## Task goal
Starting with the line with "The demand curve" in the entries below and going on through the line with "①竹节人手上系上一根冰棍棒,就成了手握金", output every line exactly and nothing more. No pictures.

(Beginning of Input data)

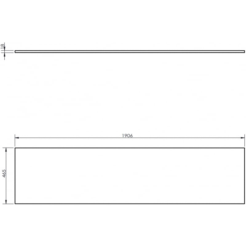 Specifikace produktu: Šířka: 190,6 cm Hloubka: 46,5 cm Tloušťka: 1,8 cm Barva: Matně šedá Materiál: Lakovaná MDF deska Povrch odolný vůči UV záření Ideální jako podstavec pro umyvadla na desku
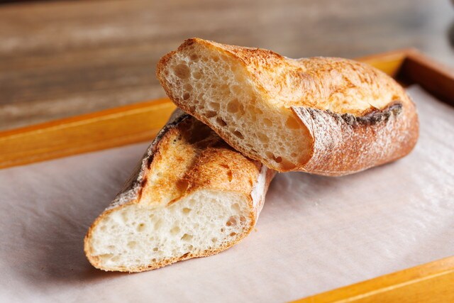 「バケット」は、シンプルだからこそ「ドーシェル」ならではの力強い味わいが堪能できます。バターやジャムをつけても、オープンサンドなどにしても、パンのおいしさがしっかり感じられるはず。
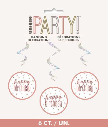 Pack of 6 hanging Happy Birthday swirl decorations - perfect for a birthday party! Swirls are prismatic silver foil and paper cutouts on bottom of each swirl (which each measure approx. 10.5cm in diameter) have a prismatic rose gold 'happy birthday' on them. Swirls measure approx. 81cm in total length. Colours/design may vary from image.
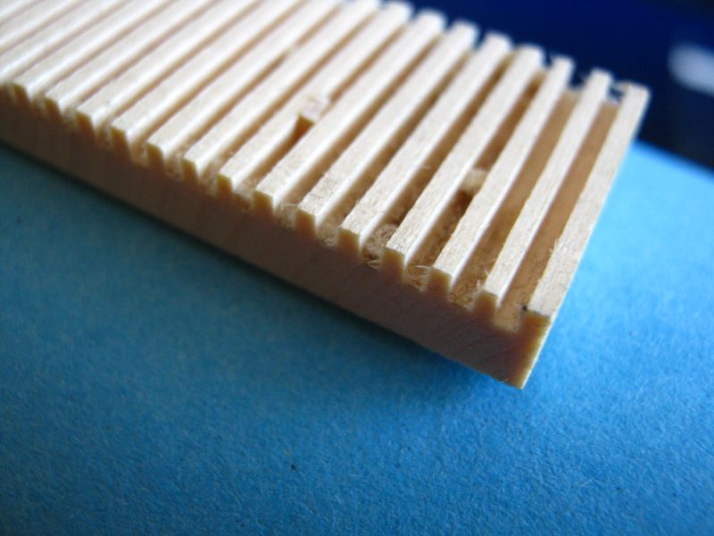 Jednak lepiej najpierw powycinać sobie 1mm listewki, złączyć je i dopiero wtedy robić "grzebień".
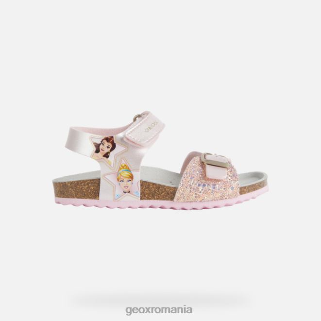 sandale de fetiță inspirate de prințese disney. ușoare și confortabile, ușor de îmbrăcat și perfecte pentru purtarea de zi cu zi, sandalele Adriel sunt inspirate de belle și cenușăreasa și vor încânta fetițele. un produs al parteneriatului dintre geox și disney, acestea sunt realizate dintr-un material cu efect de piele sidefat, țesătură și sclipici într-o paletă delicată de roz deschis, pentru un aspect dulce și romantic.
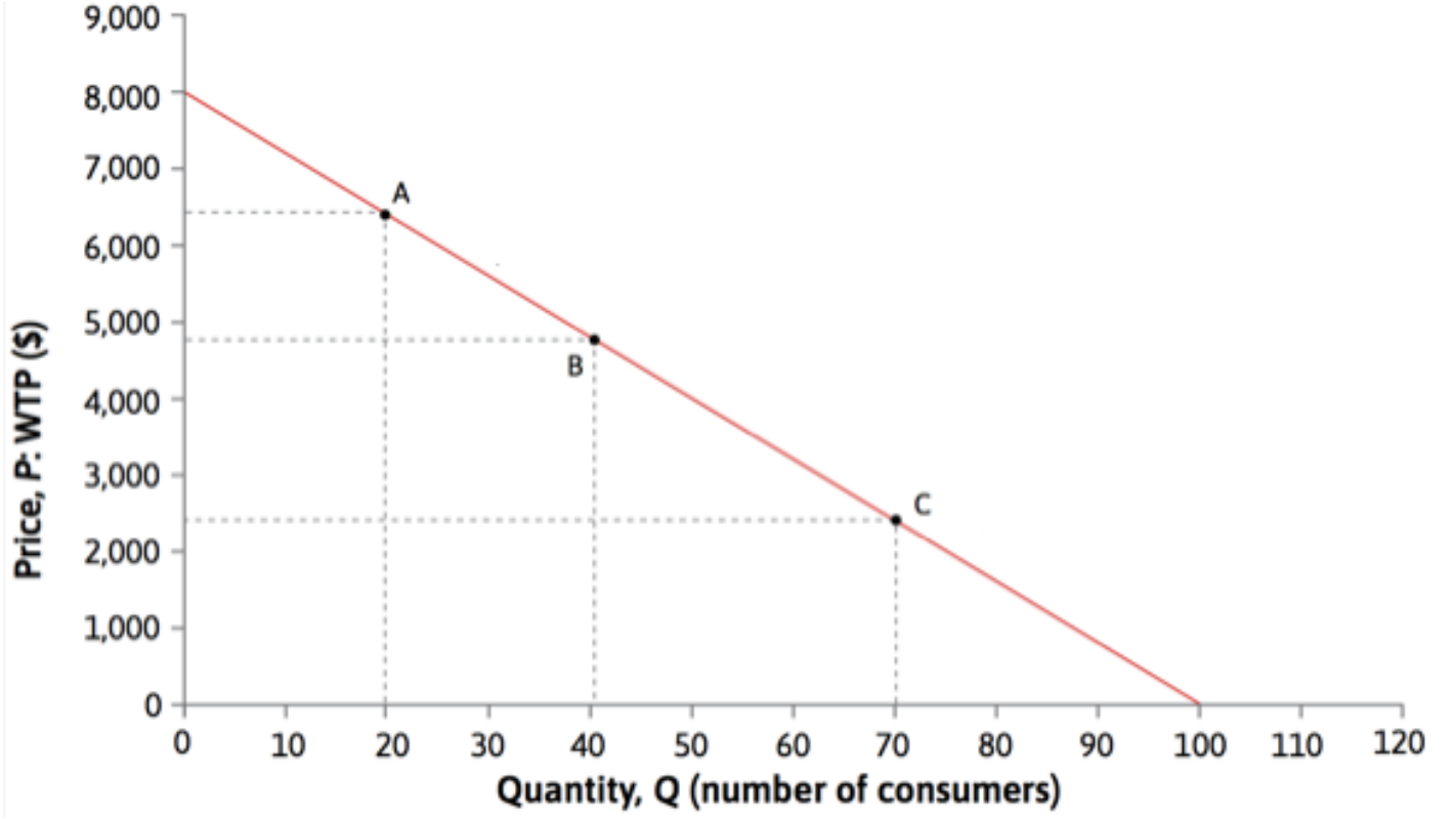 The demand curve of a price-setting firm is shown below.
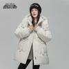 XueZhongFei Damen-Steppjacke mit Kapuze, mittellang, 90 % Daunenfüllung
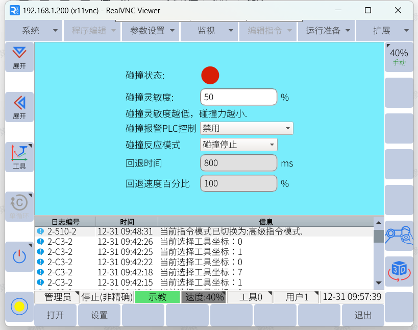 2. 設置百分比要結合機器人當前的負載,速度,姿態,例如機器人速度很快,滿負載,設置20%會導致機器人正常運行報警碰撞,推薦可以先設置50%,后續運行程序逐步更改。
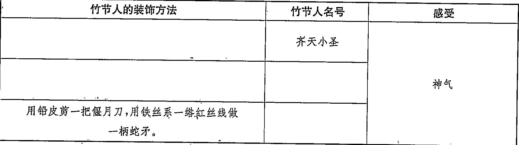 ①竹节人手上系上一根冰棍棒,就成了手握金箍棒的孙悟空,号称“齐天小圣”,四个字歪歪斜斜在竹节人背上,神气!
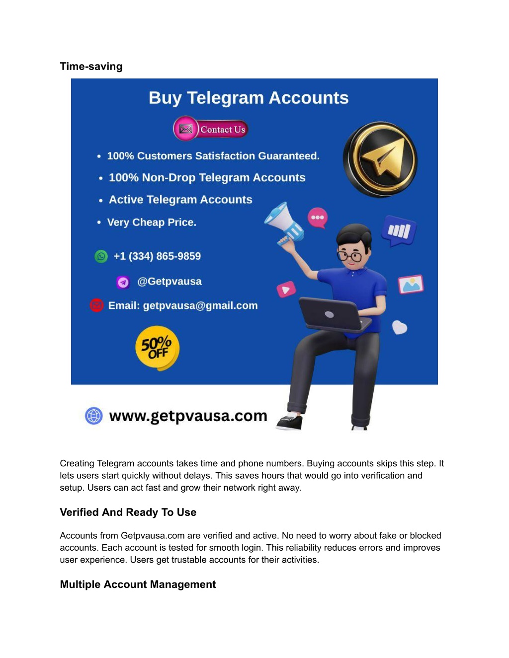 Imagine skipping the long wait and hassle of creating accounts yourself while gaining instant access to reliable, verified profiles. This simple step can save you time, increase your reach, and help you connect with your audience faster than ever. Keep reading to discover why Getpvausa. com is the trusted choice for so many and how it can work for you. Why Choose Getpvausa Choosing the right platform to buy Telegram accounts is important. Getpvausa.com stands out for many reasons. It offers trustworthy services that meet user needs. The site focuses on quality and customer satisfaction. Reputation And Reliability Getpvausa.com has built a strong reputation over time. Users trust the site for authentic and safe Telegram accounts. Each account is verified to ensure it works properly. The platform keeps user information secure. This makes buying accounts hassle-free and safe. Customer Support we are online 24/7 hours Whats App: +1 (334) 865-9859 Telegram: @Getpvausa Email: getpvausa@gmail.com Getpvausa.com offers helpful customer support. The team is ready to answer questions quickly. They provide clear guidance on buying and using accounts. Support is available through multiple channels for convenience. This helps users feel confident during their purchase. User Experience The website is easy to use and navigate. Finding and buying Telegram accounts is simple and fast. Clear instructions guide users through every step. The design works well on phones and computers. This smooth experience saves time and reduces stress. Benefits Of Buying Telegram Accounts Buying Telegram accounts from Getpvausa.com offers several benefits. It saves time and effort in creating new accounts. Accounts come ready for use, verified and secure. Managing multiple accounts becomes easy and efficient. These advantages help users focus on their main tasks.
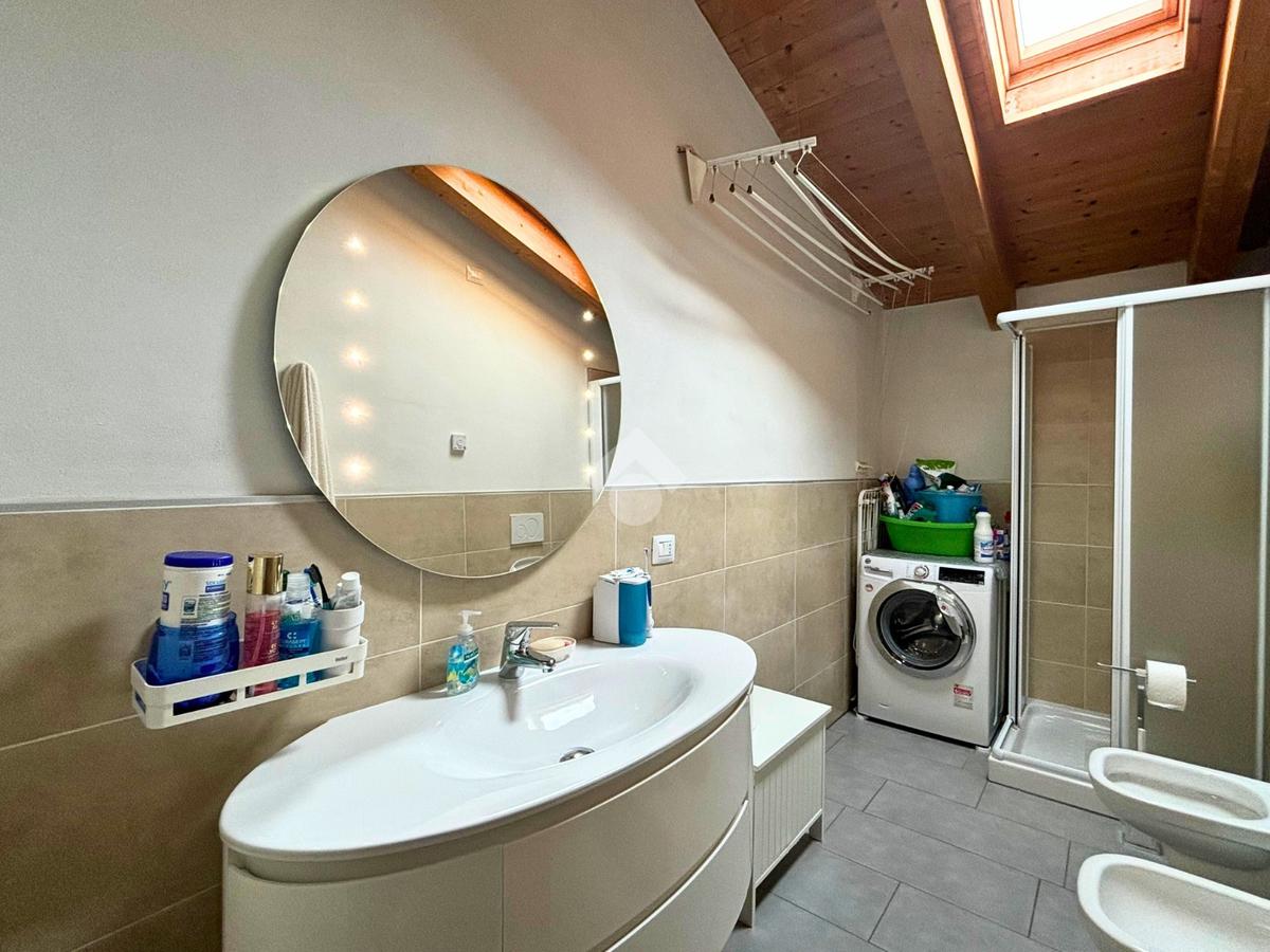 Il bagno, curato nei dettagli e dotato di abbaino e doccia, è pronto all’uso. Attualmente locata, la proprietà rappresenta un investimento solido e immediatamente redditizio.

(End of Input data)

## Task solution
 The demand curve of a price-setting firm is shown below.
 XueZhongFei Damen-Steppjacke mit Kapuze, mittellang, 90 % Daunenfüllung
 2. 設置百分比要結合機器人當前的負載,速度,姿態,例如機器人速度很快,滿負載,設置20%會導致機器人正常運行報警碰撞,推薦可以先設置50%,后續運行程序逐步更改。
 ①竹节人手上系上一根冰棍棒,就成了手握金箍棒的孙悟空,号称“齐天小圣”,四个字歪歪斜斜在竹节人背上,神气!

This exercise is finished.